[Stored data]
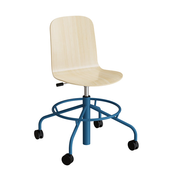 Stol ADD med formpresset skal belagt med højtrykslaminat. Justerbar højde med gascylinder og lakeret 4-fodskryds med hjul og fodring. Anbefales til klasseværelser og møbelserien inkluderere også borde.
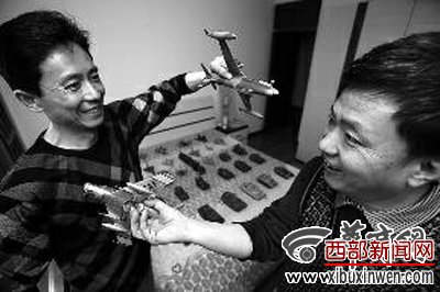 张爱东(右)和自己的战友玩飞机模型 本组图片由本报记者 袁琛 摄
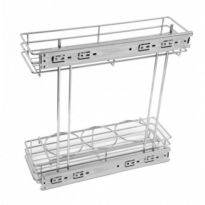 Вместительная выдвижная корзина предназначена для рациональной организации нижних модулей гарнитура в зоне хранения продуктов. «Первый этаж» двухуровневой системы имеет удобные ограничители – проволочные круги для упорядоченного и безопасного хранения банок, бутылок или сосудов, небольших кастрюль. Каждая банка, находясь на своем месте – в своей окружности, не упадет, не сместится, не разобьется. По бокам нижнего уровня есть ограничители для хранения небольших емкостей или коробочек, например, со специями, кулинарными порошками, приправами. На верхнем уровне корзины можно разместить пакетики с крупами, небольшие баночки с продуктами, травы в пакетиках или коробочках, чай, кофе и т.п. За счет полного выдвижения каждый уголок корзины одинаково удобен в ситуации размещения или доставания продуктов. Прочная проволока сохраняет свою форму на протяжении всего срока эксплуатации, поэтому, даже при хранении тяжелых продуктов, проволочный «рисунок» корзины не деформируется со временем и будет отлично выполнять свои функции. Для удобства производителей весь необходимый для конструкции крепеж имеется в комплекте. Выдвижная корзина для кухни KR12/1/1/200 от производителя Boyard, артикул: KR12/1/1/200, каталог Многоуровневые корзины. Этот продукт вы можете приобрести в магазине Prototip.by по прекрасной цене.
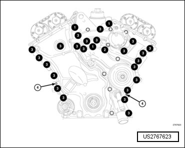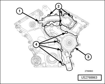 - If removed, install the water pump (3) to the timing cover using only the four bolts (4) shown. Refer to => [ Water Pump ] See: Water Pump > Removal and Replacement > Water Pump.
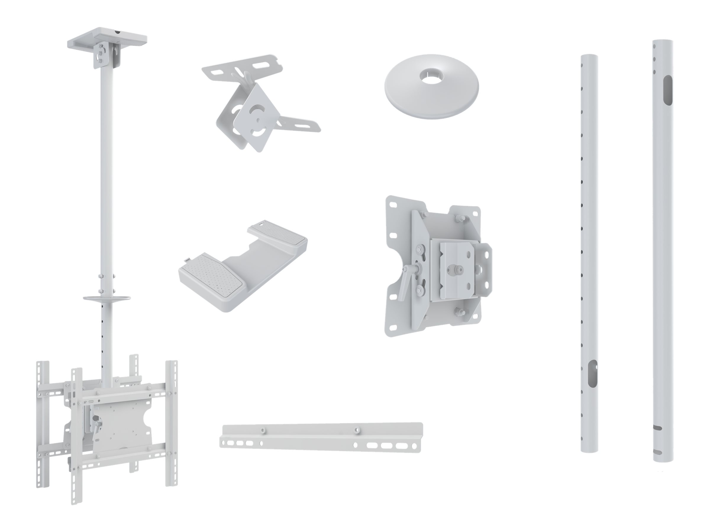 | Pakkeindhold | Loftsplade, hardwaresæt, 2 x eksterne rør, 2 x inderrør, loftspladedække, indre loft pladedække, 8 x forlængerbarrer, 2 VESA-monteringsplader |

**WHAT IS REQUIRED**. Restate all entries above exactly, but not the images.

**YOUR SOLUTION**.
 Stol ADD med formpresset skal belagt med højtrykslaminat. Justerbar højde med gascylinder og lakeret 4-fodskryds med hjul og fodring. Anbefales til klasseværelser og møbelserien inkluderere også borde.
 张爱东(右)和自己的战友玩飞机模型 本组图片由本报记者 袁琛 摄
 Вместительная выдвижная корзина предназначена для рациональной организации нижних модулей гарнитура в зоне хранения продуктов. «Первый этаж» двухуровневой системы имеет удобные ограничители – проволочные круги для упорядоченного и безопасного хранения банок, бутылок или сосудов, небольших кастрюль. Каждая банка, находясь на своем месте – в своей окружности, не упадет, не сместится, не разобьется. По бокам нижнего уровня есть ограничители для хранения небольших емкостей или коробочек, например, со специями, кулинарными порошками, приправами. На верхнем уровне корзины можно разместить пакетики с крупами, небольшие баночки с продуктами, травы в пакетиках или коробочках, чай, кофе и т.п. За счет полного выдвижения каждый уголок корзины одинаково удобен в ситуации размещения или доставания продуктов. Прочная проволока сохраняет свою форму на протяжении всего срока эксплуатации, поэтому, даже при хранении тяжелых продуктов, проволочный «рисунок» корзины не деформируется со временем и будет отлично выполнять свои функции. Для удобства производителей весь необходимый для конструкции крепеж имеется в комплекте. Выдвижная корзина для кухни KR12/1/1/200 от производителя Boyard, артикул: KR12/1/1/200, каталог Многоуровневые корзины. Этот продукт вы можете приобрести в магазине Prototip.by по прекрасной цене.
 - If removed, install the water pump (3) to the timing cover using only the four bolts (4) shown. Refer to => [ Water Pump ] See: Water Pump > Removal and Replacement > Water Pump.
 | Pakkeindhold | Loftsplade, hardwaresæt, 2 x eksterne rør, 2 x inderrør, loftspladedække, indre loft pladedække, 8 x forlængerbarrer, 2 VESA-monteringsplader |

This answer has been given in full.